Modifying the equation of the TD3 algorithm reviewer network by adding N-step returns, and in the j-th round of sampling, modifying the time difference error function expression delta _j The following are provided:

wherein phi and phi' represent parameters of the double commentator network, k represents the kth step return, r _k Representation ofReturn at step k, s and a represent current state and action, s _N And a _N Representing target states and actions, Q(s) _t ,a _t Phi) represents the value function of the critic network, Q'(s) _t+N ,a _t+N Phi') represents the value function of the target critique network, gamma represents the discount factor;

second, using preferential empirical playback in the original TD3 algorithm, at the beginning of the sample, the sampling probability of the jth transition is defined as P (j), expressed as follows:

wherein p is _j Representing the priority of the j-th experience; α represents a constant for adjusting the sampling weight, α determines how much priority to use, and when α equals 0, uniform random sampling will be employed;

then, the sampling weight w for each transition of the update network _j Calculated by the following formula, which represents the importance of each transfer data, M represents the size of the small batch, max _i w _i Representing the maximized sampling weight for normalization:

finally, using proportion prioritization, updating the transferred priority according to the time difference error, wherein the priority is shown in the following formula:

p _j ＝|δ _j |+∈ (23)

Wherein delta _j Representing a time difference error, e represents a small value preset to avoid a 0 priority.

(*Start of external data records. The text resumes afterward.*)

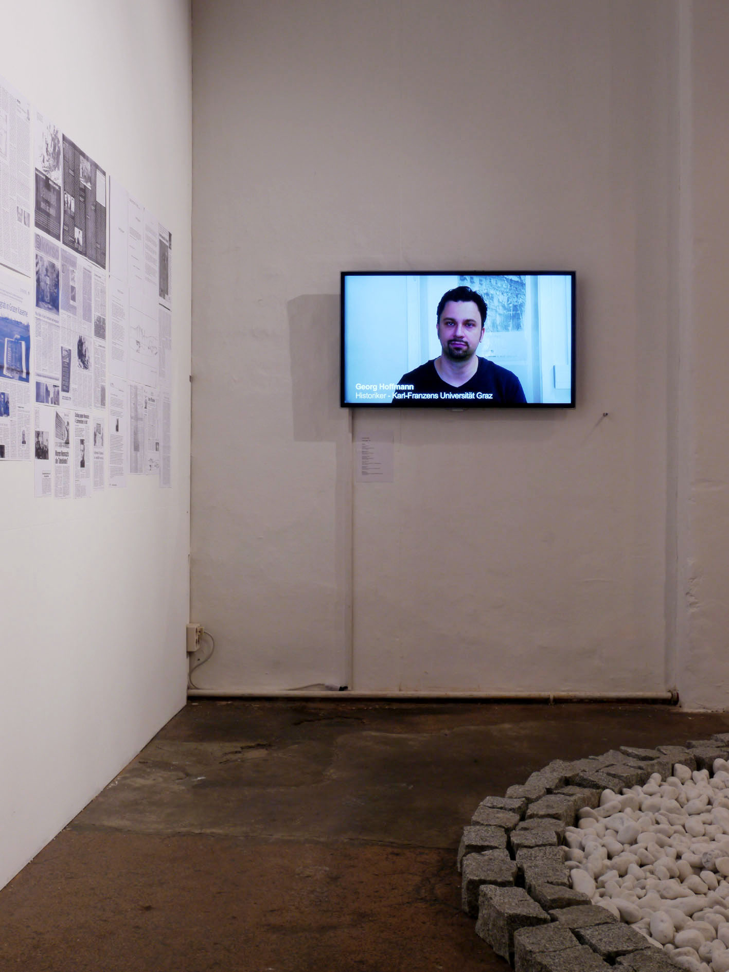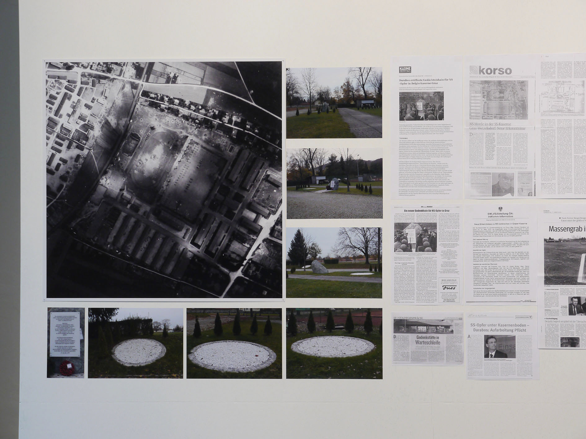 In einer installativen Arbeit und mittels Videointerviews mit unterschiedlichen Personen, die an der Aufdeckung und der Erforschung der Kriegsereignisse in der Belgierkaserne sowie an der Umsetzung der Gedächtnisstätte beteiligt waren, versucht Logar die Problematiken dieses Gedächtnisortes aufzuzeigen und die Hintergründe offizieller Gedenkkultur zu durchleuchten.
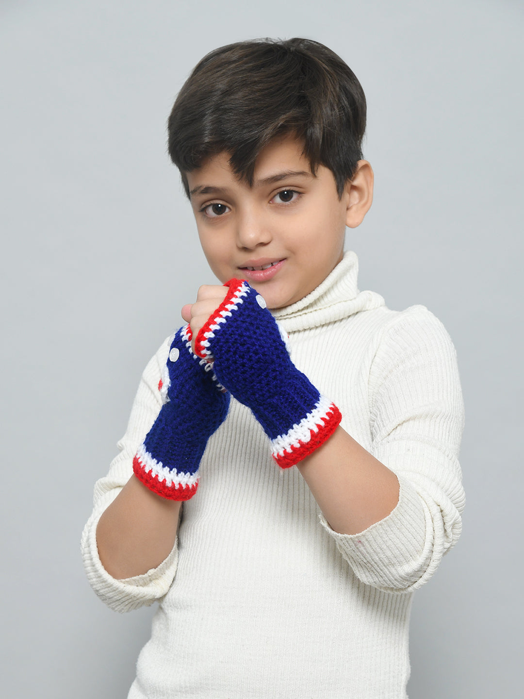Blue Handmade Woollen Fingerless Gloves For Girls and Boys
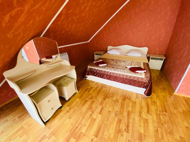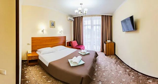 Наш отель находится в гостеприимном и красивом пос.Лазаревский (Сочи)! Отличное расположение предоставит Вам шикарный вид из окон номеров и широкий выбор активного отдыха! Все наши номера располагают всеми удобствами для комфортного отдыха! К услугам гостей: бассейн, ресторан, открытая зона отдыха (беседка), детская площадка, парковка и бесплатный WI-FI на всей территории. Сотрудники круглосуточной стойки регистрации с удовольствием предоставят гостям информацию о местных достопримечательностях и ответят на все вопросы. Мы находимся на доступном расстоянии от моря - 300 м, в пешей доступности от нас: Аквапарк "Наутилус", аптека, супермаркет "Пятерочка", ФиксПрайс, Семейный Магнит, заправка, столовые и рестораны, сувенирные магазины, палатки с курортной атрибутикой (купальники, очки, обувь, головные уборы и т.д.), а также сетевые алкогольные магазины. На первом этаже нашего отеля есть ресторан с Европейской кухней! Паркинг подземный. Светлый, просторный номер и ванной комнатой. Номер оснащен: двуспальной кроватью, диван-кровать, шкаф- вешалка, прикроватные тумбочки, журнальный столик, туалетный столик, зеркало, холодильник, кондиционер, телевизор. Ванная комната: Санузел, душевая кабина, набор полотенец.

5. The method for planning the collective mission path of the multi-quad-rotor unmanned helicopter based on reinforcement learning according to claim 1, wherein the step S4 is specifically as follows:

the ITD3 network training network is implemented by a two-part neural network: mapping states to actions is accomplished by an actor network consisting of three fully connected layers, and a reviewer network using four fully connected layers to estimate Q-values;

in the ITD3 network, for both actor networks, the input is state and the output is action; the critics network takes the state-action pair as input and generates a state-action value function (Q-value); the ITD3 algorithm training process is specifically as follows:

firstly, preferentially extracting a batch of small samples (s, a, s ', r) from an experience playback buffer zone, and inputting s' into an actor target network; then, a ' is obtained next time, and the state-action pair (s ', a ') is input into the criticizing target network;

after obtaining two target Q-values

And->

) Then, the smaller one is selected to calculate the target value function y (r, s'), the target value function expression is as follows:

wherein r represents the return, and the discount factor gamma is the same as the value of formula (20), phi _i Random parameters of the critics network;

on the other hand, (s, a) is input into the criticizing network to obtain two Q-values (Q ₁ (. Cndot.) and Q ₂ (. Cndot.); then, using them to calculate the mean square error of y (r, s'), and back-propagating the sum of the mean square errors to update the parameters of two critic networks, and adding N-step playback in the time difference error update;

next, inputting the Q-value obtained from the first criticizing home network into the actor model network, and updating parameters of the actor network in a direction in which the Q-value increases (once every two iterations);

finally, updating all target networks by adopting a soft updating method;

after training, the angular speed and the linear speed of the four-rotor unmanned aerial vehicle are controlled through the output action information, so that each four-rotor unmanned aerial vehicle successfully reaches a specified target task in the shortest time, and the collective task path planning is completed.